Abstract: Objective To investigate the effect of tricostantin A (TSA) on self-renewal of breast cancer stem cells and explore the
mechanisms. Methods Breast cancer cell lines MDA-MB-468, MDA-MB-231, MCF-7 and SKBR3 were cultured in suspension
and treated with different concentrations of TSA for 7 days, using 0.1% DMSO as the control. Secondary mammosphere
formation efficiency and percentage of CD44+/CD24- sub-population in the primary mammospheres were used to evaluate the
effects of TSA on self-renewal of breast cancer stem cells. The breast cancer stem cell surface marker CD44 +/CD24- and the
percentage of apoptosis in the primary mammospheres were assayed using flow cytometry. The mRNA expressions of Nanog,
Sox2 and Oct4 in the primary mammospheres were assayed with quantitative PCR. Results TSA at both 100 and 500 nmol/L,
but not at 10 nmol/L, partially inhibited the self-renewal of breast cancer stem cells from the 4 cell lines. TSA at 500 nmol/L
induced cell apoptosis in the primary mammospheres. TSA down-regulated the mRNA expression of Nanog and Sox2 in the
primary mammospheres.
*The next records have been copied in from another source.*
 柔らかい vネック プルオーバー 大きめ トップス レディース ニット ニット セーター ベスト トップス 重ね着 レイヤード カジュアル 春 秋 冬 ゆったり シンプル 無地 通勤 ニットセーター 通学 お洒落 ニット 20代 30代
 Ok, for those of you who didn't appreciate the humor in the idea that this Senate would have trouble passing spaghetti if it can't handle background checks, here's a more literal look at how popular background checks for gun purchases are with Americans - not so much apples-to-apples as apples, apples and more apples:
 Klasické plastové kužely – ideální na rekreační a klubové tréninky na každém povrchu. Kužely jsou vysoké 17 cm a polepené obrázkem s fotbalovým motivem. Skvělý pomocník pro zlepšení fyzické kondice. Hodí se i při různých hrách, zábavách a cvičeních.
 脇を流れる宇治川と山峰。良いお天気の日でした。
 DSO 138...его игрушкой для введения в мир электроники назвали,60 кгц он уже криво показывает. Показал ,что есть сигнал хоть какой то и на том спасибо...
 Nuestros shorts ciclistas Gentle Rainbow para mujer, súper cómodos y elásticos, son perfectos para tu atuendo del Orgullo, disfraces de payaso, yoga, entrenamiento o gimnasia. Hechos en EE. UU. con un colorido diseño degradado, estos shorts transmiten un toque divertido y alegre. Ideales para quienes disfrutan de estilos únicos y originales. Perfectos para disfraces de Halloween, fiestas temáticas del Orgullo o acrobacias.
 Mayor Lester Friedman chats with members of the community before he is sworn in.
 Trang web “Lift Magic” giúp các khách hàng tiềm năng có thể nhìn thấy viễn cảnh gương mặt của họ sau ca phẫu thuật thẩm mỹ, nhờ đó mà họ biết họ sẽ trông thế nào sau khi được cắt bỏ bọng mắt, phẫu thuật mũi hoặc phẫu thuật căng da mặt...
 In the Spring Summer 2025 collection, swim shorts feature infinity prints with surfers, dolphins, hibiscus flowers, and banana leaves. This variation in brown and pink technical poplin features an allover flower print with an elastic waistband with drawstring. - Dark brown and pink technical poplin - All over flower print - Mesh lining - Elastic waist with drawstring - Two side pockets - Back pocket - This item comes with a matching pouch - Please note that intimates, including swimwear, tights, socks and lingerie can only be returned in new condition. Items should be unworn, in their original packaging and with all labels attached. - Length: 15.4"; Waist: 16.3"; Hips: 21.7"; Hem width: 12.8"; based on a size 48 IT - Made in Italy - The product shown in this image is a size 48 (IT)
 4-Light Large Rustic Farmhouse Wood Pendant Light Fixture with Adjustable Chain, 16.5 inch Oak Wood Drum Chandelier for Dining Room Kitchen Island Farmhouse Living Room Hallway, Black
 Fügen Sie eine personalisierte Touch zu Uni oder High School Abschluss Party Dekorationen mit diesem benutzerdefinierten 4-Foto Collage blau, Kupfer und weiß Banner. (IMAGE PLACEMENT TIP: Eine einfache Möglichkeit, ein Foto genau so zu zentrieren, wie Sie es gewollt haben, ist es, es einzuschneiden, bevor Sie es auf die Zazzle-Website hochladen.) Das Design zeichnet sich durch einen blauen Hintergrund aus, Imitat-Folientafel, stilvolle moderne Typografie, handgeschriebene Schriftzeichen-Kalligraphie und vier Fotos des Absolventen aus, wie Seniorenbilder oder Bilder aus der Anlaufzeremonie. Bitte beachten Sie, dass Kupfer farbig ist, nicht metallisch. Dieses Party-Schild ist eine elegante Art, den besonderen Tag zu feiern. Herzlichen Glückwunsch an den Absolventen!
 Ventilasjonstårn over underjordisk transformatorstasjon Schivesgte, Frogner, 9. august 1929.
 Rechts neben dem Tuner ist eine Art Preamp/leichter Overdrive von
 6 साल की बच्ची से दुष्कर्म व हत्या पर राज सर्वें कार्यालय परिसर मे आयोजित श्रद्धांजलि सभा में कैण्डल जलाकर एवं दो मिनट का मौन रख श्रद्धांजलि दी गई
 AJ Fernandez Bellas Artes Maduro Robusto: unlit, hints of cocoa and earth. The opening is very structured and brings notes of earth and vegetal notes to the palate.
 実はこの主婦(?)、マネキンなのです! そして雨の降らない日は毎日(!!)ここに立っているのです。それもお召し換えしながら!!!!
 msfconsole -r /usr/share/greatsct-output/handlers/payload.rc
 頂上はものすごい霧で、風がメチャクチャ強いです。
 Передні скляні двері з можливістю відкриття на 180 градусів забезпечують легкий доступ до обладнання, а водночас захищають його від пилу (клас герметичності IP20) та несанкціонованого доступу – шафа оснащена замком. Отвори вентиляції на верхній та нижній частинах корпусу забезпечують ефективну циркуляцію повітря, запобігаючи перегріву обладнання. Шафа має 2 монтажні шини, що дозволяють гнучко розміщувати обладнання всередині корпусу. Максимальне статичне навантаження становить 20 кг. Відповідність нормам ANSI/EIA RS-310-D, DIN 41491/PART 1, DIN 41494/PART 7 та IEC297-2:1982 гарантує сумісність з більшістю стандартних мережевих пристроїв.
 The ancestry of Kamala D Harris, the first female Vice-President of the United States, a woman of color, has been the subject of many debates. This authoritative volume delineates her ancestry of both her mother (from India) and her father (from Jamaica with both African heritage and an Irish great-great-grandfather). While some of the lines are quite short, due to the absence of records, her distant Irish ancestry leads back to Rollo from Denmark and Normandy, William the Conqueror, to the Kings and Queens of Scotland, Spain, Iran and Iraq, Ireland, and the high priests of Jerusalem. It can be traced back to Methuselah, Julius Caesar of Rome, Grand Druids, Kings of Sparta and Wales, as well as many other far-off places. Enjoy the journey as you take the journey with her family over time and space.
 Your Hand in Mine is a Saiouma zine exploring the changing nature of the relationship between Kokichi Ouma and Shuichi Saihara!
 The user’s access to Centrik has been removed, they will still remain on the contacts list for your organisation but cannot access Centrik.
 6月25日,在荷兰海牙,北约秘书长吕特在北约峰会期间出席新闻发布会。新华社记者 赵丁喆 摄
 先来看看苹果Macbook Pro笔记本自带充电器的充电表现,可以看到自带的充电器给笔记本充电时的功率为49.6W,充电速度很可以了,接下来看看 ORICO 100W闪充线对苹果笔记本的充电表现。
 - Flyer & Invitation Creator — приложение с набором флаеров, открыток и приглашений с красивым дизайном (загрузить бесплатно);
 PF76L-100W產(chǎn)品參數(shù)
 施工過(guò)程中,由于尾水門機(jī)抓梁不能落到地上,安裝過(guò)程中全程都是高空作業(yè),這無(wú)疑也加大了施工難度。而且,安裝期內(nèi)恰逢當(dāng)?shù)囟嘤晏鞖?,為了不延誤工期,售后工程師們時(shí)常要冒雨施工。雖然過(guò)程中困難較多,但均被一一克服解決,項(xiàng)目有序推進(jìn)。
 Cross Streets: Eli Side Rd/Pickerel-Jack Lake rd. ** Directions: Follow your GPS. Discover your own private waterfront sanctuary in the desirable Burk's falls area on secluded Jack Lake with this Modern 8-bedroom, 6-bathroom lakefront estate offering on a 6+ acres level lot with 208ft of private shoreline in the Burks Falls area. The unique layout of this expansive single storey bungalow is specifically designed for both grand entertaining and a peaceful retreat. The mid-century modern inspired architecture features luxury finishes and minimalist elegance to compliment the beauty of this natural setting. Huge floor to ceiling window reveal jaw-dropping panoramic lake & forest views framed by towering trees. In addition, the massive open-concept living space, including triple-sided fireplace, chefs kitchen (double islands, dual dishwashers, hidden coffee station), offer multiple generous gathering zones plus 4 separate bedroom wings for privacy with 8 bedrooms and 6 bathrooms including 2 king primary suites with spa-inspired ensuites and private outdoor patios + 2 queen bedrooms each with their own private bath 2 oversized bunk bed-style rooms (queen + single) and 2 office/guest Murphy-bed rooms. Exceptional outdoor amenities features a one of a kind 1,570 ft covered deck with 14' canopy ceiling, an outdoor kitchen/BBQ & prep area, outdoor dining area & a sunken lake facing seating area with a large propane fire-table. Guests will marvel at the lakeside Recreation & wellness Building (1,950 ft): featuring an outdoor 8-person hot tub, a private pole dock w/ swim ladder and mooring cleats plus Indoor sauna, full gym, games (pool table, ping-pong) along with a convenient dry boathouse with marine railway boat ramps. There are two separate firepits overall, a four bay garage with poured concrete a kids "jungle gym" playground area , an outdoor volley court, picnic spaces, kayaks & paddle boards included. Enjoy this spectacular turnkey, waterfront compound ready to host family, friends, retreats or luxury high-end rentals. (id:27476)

Conclusions TSA can partially inhibit the self-renewal of breast cancer stem cells through a
mechanism involving the down-regulation of Nanog and Sox2 expression, indicating the value of combined treatments with
low-dose TSA and other anticancer drugs to achieve maximum inhibition of breast cancer stem cell self-renewal. The core
transcriptional factor of embryonic stem cells Nanog and Sox2 can be potential targets of anticancer therapy.